I looked around the room – and spotted the chickadee knocked over and still rocking back and forth on its rounded side.

“Did you do that?!!” I asked Socks, amazed at how high he must’ve jumped to get there.

He turned his head away from me, squinted his eyes even tighter, and purred like all good Christian kitties do.



No chickadees, wooden or otherwise, were harmed in this fiasco.

Redrock Threads called this morning to tell me that the Fairy Floss variegated thread I ordered Saturday is out of stock until Friday.  So I canceled the order and ordered from Superior Threads, which cost a couple dollars more and, as it turns out, probably won’t get here any sooner.  ๐Ÿ™„  I signed up for their email promotions in order to get a 15% discount code.  It has not come yet, and I am an impatient person.  My order is ready NOW!  I will click Submit NOW! – but I did not spend the extra $3 to have the thread delivered in two days.
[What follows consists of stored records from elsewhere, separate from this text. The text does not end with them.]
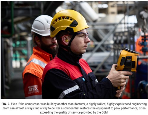 Over time, many businesses face challenges when working with the original equipment manufacturer (OEM) of their compressors. Whether due to poor service, the age of the equipment or a loss of connection with the OEM, companies often seek alternatives for repair and maintenance. However, this move can come with risks of its own, as there is no guarantee that a third party can offer the same level of performance (FIG. 1).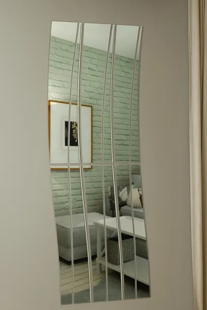 Marea Lustrzana to designerskie lustro akrylowe w formie smukłej, falistej kompozycji modułowej. Wysoka jakość wykonania i efekt przestrzenności sprawiają, że jest to zarówno praktyczne lustro, jak i efektowna dekoracja ścienna do salonu, przedpokoju czy sypialni.
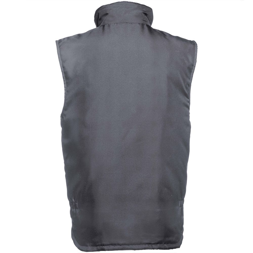 Мужской утепленный жилет с воротником-стойкой и удлиненной спинкой. Выполнен из ткани оксфорд с водоотталкивающим покрытием.

Sometimes it has been delivered in two days regardless of the 4-6-day shipping estimate.  Let’s hope this is one of those times.

I took another big bag of Larry’s things to the Goodwill this afternoon.

Shortly after I got home, a gigantic murmuration of starlings (really!  That’s what it’s called!) came swooping in and landed in the cottonwood tree in the back yard, filling it completely, and making an earsplitting racket with their funny squeaks and squawks and twitters.

Earlier this evening, I had a text-chat with Levi, and he sent me this picture: 



There’s an animal of some sort gallumping about in our eaves.  Squirrel?  Raccoon?  I went out and thwacked the eaves with the broom handle.  There was a scurrying... and now all is quiet.  Wonder what it was, and where it went?

Bedtime!  Tomorrow I hope to get the borders on the Playful Kitties quilt and put together a backing for it.